#### [Exercise data]
----------

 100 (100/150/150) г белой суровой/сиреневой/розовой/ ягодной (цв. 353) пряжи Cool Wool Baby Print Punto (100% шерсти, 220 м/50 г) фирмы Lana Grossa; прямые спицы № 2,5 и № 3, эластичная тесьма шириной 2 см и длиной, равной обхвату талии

----------

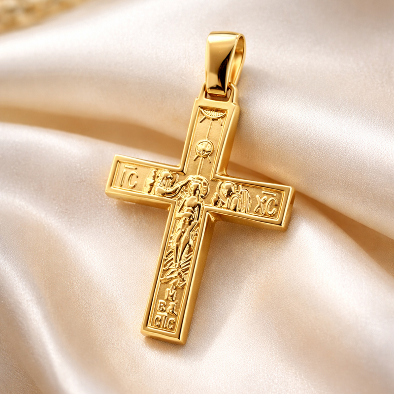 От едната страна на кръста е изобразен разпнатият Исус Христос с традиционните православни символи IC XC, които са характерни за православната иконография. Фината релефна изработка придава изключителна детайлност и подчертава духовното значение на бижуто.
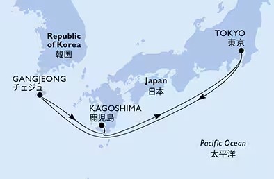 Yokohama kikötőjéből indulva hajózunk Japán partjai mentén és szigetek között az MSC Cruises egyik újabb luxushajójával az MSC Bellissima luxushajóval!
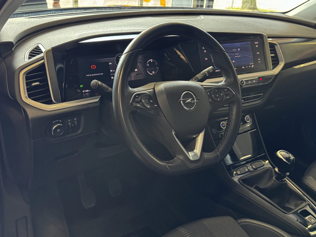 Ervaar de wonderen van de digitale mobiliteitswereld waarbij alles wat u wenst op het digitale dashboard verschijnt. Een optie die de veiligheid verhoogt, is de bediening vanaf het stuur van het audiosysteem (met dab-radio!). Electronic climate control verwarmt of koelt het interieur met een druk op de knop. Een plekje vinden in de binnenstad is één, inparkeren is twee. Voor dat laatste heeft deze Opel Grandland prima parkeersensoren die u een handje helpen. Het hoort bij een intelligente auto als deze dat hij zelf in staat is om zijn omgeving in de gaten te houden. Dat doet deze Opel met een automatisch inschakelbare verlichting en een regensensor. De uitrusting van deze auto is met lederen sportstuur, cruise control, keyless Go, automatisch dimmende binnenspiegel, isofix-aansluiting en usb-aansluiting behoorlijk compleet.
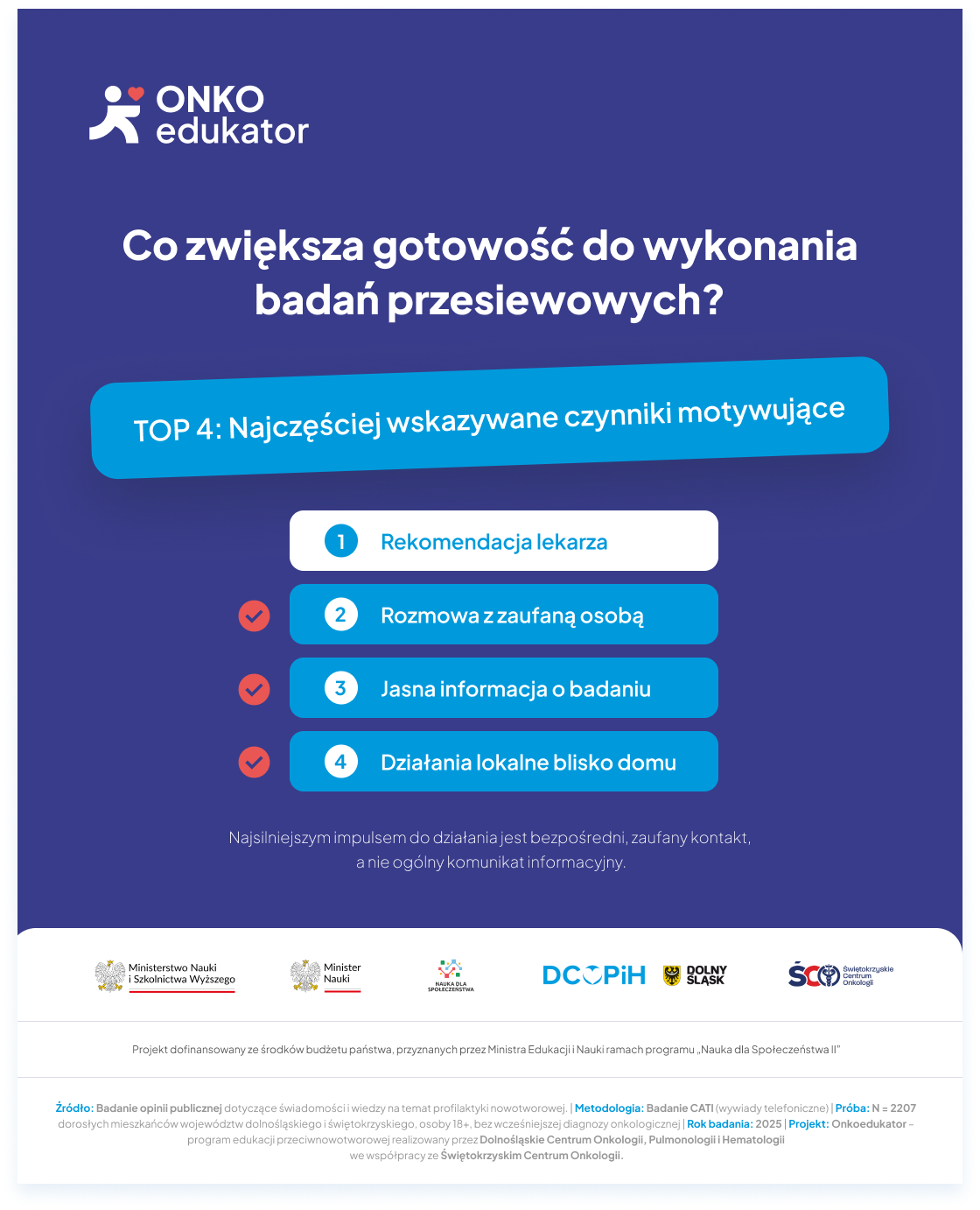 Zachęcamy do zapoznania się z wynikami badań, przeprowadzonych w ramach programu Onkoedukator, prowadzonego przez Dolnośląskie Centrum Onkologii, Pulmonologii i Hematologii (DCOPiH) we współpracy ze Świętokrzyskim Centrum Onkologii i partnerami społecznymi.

----------

Take the material above from the line containing "Yokohama kikötőjéből indulva" up to and including the line containing "Zachęcamy do zapoznania" and retype it exactly, without any pictures.

#### [Task response]
 Yokohama kikötőjéből indulva hajózunk Japán partjai mentén és szigetek között az MSC Cruises egyik újabb luxushajójával az MSC Bellissima luxushajóval!
 Ervaar de wonderen van de digitale mobiliteitswereld waarbij alles wat u wenst op het digitale dashboard verschijnt. Een optie die de veiligheid verhoogt, is de bediening vanaf het stuur van het audiosysteem (met dab-radio!). Electronic climate control verwarmt of koelt het interieur met een druk op de knop. Een plekje vinden in de binnenstad is één, inparkeren is twee. Voor dat laatste heeft deze Opel Grandland prima parkeersensoren die u een handje helpen. Het hoort bij een intelligente auto als deze dat hij zelf in staat is om zijn omgeving in de gaten te houden. Dat doet deze Opel met een automatisch inschakelbare verlichting en een regensensor. De uitrusting van deze auto is met lederen sportstuur, cruise control, keyless Go, automatisch dimmende binnenspiegel, isofix-aansluiting en usb-aansluiting behoorlijk compleet.
 Zachęcamy do zapoznania się z wynikami badań, przeprowadzonych w ramach programu Onkoedukator, prowadzonego przez Dolnośląskie Centrum Onkologii, Pulmonologii i Hematologii (DCOPiH) we współpracy ze Świętokrzyskim Centrum Onkologii i partnerami społecznymi.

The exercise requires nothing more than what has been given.